A grand opening reception and special lecture is scheduled for the evening of Sept. 7, 2010, followed by evening lectures on Oct. 12, Nov. 9 and Dec. 14, given by prominent experts and Old Testament theologians. The lectures are open to faculty, students and the public.
The Grand Opening Reception and Lecture will be held on Sept. 7, 2010, at 7 p.m., at Biola University, 13800 Biola Avenue, La Mirada, in Calvary Chapel. The lecture will be presented by George Giacumakis, Ph.D., California State University, Fullerton, adjunct professor of Biola University, and director of the Museum of Biblical & Sacred Writings, on the topic, “Why Such a Global Interest in the Dead Sea Scrolls?”
Cost is $15 (or $10 for Biola students only). All attendees will receive: (a) copy of A Handbook to the Great Isaiah Scroll; (b) a copy (translation) of The Book of the Prophet Isaiah, translated from the Great Isaiah Scroll of the Dead Sea Scrolls for the Holy Bible: International Standard Version. Light refreshments will be served.
Seating is limited. There will be no on-site registration on the day of the event. Register online for the Grand Opening.
The exhibit will open Wednesday, Sept. 8, and run through Dec. 15 (weekends and Thanksgiving holiday excluded). The facsimile of the Great Isaiah Scroll will be available for open viewing at no cost in Biola University’s Calvary Chapel Monday through Thursday, on most dates. Since there will be exceptions when other events are scheduled, please check the viewing schedule for available days and time. The exhibit will be closed Friday through Sunday.
Subsequent lectures will be free and open to the public on the following dates:
- Oct. 12 – The Dead Sea Scrolls and Bible Translation. Jeffrey Volkmer, D.Phil. ABD, Assistant Professor of Biblical and Theological Studies, Biola University.
- Nov. 9 – Textual issues in the Great Isaiah Scroll. Thomas J. Finley, Ph.D., Professor of Old Testament and Semitics, Department Chair, Talbot School of Theology (Biola University).

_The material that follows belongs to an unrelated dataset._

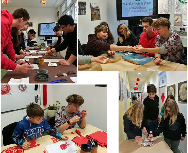 除夕当日,埃尔福特孔院内的中国新年活动热火朝天地进行着。埃尔福特孔子学院携手东亚协会,与埃尔福特福音综合中学师生们举办了一场别开生面的中国农历新年庆祝活动。孔院中方院长贾峰昌向德国学生介绍了中国中小学生的日常生活,学生们十分好奇,踊跃提问,想要了解异国他乡的同龄人们都是如何学习和生活的。随后来自5-9年级的学生分为四组,轮流体验中国文化。他们跟随书画杜老师和东亚协会莱娜女士一起,尝试运用中国传统的水墨竹笔,在宣纸上描绘出一根根笔挺的竹子。筷子对于德国人而言也是非常新鲜的事物,作为“筷子夹乒乓球”的低配版游戏,用筷子夹千纸鹤对他们而言也是不小的挑战,但同学们兴致勃勃,并不在意,重要的是去体验不同的东西。剪纸角落也挤满了同学,他们亲手剪出“福”字,庆贺新年的到来。他们还体验了汉语课程,初识中国语言和文化知识。同学们跟随孔院老师,纷纷拿起面团,擀皮、包饺子,最后品尝了自己亲手包的饺子,饺子形状各异,味道鲜美,学生们内心充满了成就感。孔院还为德国师生送上了新年福袋,将“福”送到了他们每个人手中。

- Dec. 14 – The Suffering Servant in the Great Isaiah Scroll. Scott Moffatt, Senior Pastor, Legacy Church of Orange County, Irvine, Calif.; Adjunct Professor of History, Biola University and Fullerton College.
All lectures 7:00-8:30pm, in Calvary Chapel Auditorium, Biola University. With advance notice and prior arrangement, professor-supervised classes/students from educational institutions may make reservations for group visits to view the exhibit. Contact Dennis Gaines at email@example.com for information.
In the fall 2010 semester, Talbot School of Theology will offer HIST 470/TTOT 730, The Dead Sea Scrolls (3 units). This is a research and writing seminar focusing on the analysis of some of the 900 whole and partial texts and manuscripts discovered in the Dead Sea region of Israel. The official publication of the Scrolls, Discoveries in the Judean Desert (Oxford University Press), is complete. Virtually all the documents are now available in English translation. The full impact of recent technological advances such as radiocarbon dating, DNA analysis, imaging by direct digital acquisition, and the Internet is beginning to affect the study of the Scrolls. The chronological focus of the course will be during the Hellenistic and the Roman periods, from 4th century BC to 1st century AD. The Scrolls are having an effect on biblical translations. The class will be taught by George Giacumakis, Ph.D. To audit the class, please e-mail Dr. Giacumakis at firstname.lastname@example.org.
Two sections of the class will be offered: one at the La Mirada campus on Wednesdays from 3 to 5:45 p.m. and the other at the Biola Orange County Education Center in Laguna Hills on Tuesdays from 6 to 8:45 p.m.